- WHAT THE TASK ASKS -
Quote, without any change, the line that contains "2024 年 8 月,国内手机上市新机型" and all lines that follow it to the end of the data below.

- MATERIAL PROVIDED -
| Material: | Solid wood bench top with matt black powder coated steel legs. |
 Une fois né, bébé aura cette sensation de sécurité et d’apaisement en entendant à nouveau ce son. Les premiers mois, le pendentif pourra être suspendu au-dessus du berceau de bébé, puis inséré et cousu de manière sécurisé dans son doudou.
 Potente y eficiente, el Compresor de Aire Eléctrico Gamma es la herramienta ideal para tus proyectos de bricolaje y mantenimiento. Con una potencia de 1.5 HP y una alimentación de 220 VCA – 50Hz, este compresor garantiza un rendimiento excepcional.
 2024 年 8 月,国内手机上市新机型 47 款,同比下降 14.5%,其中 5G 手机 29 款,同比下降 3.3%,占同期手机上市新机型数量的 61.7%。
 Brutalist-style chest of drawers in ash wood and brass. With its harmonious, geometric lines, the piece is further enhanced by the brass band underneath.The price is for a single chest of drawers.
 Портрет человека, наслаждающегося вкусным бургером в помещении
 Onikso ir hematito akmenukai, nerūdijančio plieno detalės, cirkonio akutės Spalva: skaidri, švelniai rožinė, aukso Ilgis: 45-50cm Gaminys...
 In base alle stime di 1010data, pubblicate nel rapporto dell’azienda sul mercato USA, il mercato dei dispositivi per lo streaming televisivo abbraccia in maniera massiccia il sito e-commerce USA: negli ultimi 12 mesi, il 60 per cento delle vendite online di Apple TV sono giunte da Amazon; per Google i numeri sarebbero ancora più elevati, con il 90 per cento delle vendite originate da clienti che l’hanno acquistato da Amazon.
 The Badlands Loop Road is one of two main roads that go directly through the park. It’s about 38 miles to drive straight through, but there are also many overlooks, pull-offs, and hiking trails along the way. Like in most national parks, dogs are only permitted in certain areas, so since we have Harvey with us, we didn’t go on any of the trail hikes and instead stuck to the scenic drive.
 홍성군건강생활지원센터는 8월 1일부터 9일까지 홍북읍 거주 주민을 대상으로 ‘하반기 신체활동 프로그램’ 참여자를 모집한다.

- RESULT OF THE TASK -
 2024 年 8 月,国内手机上市新机型 47 款,同比下降 14.5%,其中 5G 手机 29 款,同比下降 3.3%,占同期手机上市新机型数量的 61.7%。
 Brutalist-style chest of drawers in ash wood and brass. With its harmonious, geometric lines, the piece is further enhanced by the brass band underneath.The price is for a single chest of drawers.
 Портрет человека, наслаждающегося вкусным бургером в помещении
 Onikso ir hematito akmenukai, nerūdijančio plieno detalės, cirkonio akutės Spalva: skaidri, švelniai rožinė, aukso Ilgis: 45-50cm Gaminys...
 In base alle stime di 1010data, pubblicate nel rapporto dell’azienda sul mercato USA, il mercato dei dispositivi per lo streaming televisivo abbraccia in maniera massiccia il sito e-commerce USA: negli ultimi 12 mesi, il 60 per cento delle vendite online di Apple TV sono giunte da Amazon; per Google i numeri sarebbero ancora più elevati, con il 90 per cento delle vendite originate da clienti che l’hanno acquistato da Amazon.
 The Badlands Loop Road is one of two main roads that go directly through the park. It’s about 38 miles to drive straight through, but there are also many overlooks, pull-offs, and hiking trails along the way. Like in most national parks, dogs are only permitted in certain areas, so since we have Harvey with us, we didn’t go on any of the trail hikes and instead stuck to the scenic drive.
 홍성군건강생활지원센터는 8월 1일부터 9일까지 홍북읍 거주 주민을 대상으로 ‘하반기 신체활동 프로그램’ 참여자를 모집한다.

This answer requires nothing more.